** TASK ITEM **
Only the lines below from the one containing "Antoniolupi'nin 03 numaralı" through the one containing "как выглядит White" belong in the answer, repeated exactly and without pictures.

** RECORDED DATA **
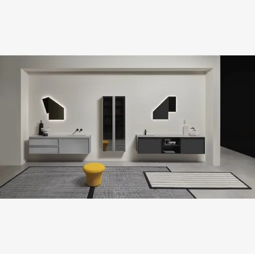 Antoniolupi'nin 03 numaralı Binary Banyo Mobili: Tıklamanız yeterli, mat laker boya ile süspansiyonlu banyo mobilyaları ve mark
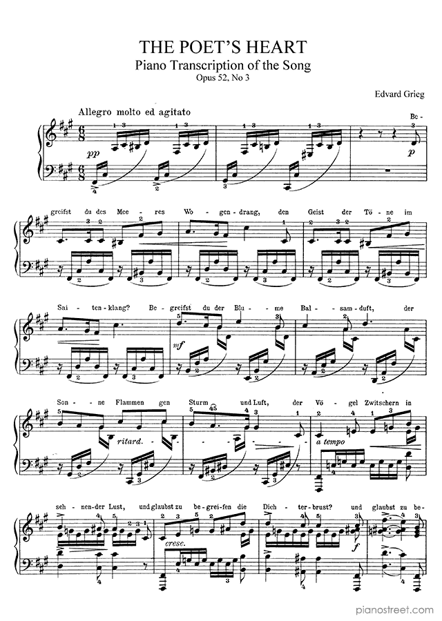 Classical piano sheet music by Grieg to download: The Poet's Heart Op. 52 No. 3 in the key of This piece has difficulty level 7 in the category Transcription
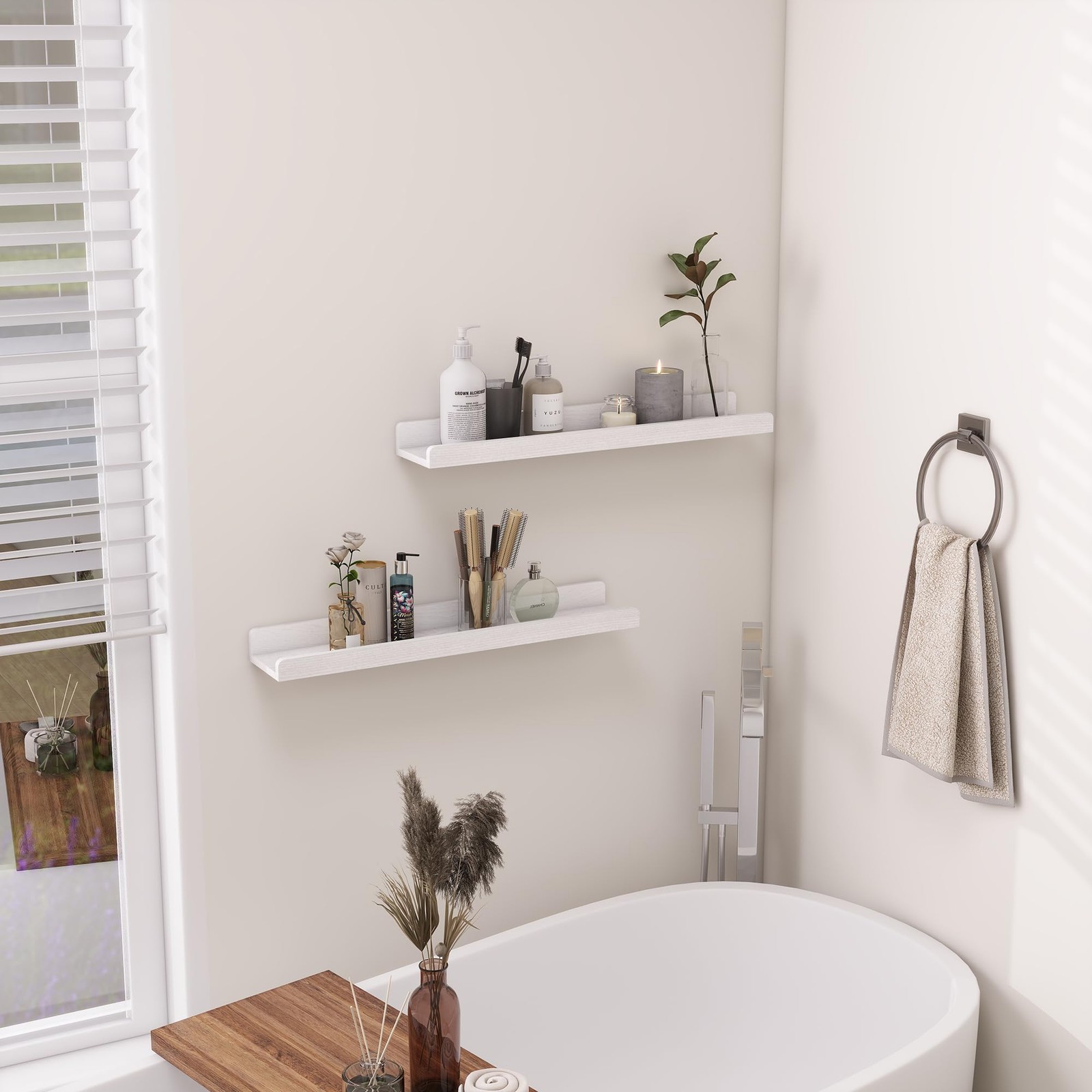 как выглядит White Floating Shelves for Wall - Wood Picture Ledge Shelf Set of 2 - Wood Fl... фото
...
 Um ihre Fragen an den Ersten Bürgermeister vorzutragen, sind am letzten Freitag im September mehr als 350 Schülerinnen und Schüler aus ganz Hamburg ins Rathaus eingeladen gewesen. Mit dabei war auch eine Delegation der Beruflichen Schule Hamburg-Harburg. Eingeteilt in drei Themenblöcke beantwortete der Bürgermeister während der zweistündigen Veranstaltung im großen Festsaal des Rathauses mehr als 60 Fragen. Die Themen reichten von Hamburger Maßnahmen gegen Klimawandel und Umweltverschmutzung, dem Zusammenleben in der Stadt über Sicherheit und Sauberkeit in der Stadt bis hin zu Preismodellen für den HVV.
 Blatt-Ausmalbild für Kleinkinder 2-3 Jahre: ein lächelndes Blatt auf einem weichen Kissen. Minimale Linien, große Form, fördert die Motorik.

** ANSWER **
 Antoniolupi'nin 03 numaralı Binary Banyo Mobili: Tıklamanız yeterli, mat laker boya ile süspansiyonlu banyo mobilyaları ve mark
 Classical piano sheet music by Grieg to download: The Poet's Heart Op. 52 No. 3 in the key of This piece has difficulty level 7 in the category Transcription
 как выглядит White Floating Shelves for Wall - Wood Picture Ledge Shelf Set of 2 - Wood Fl... фото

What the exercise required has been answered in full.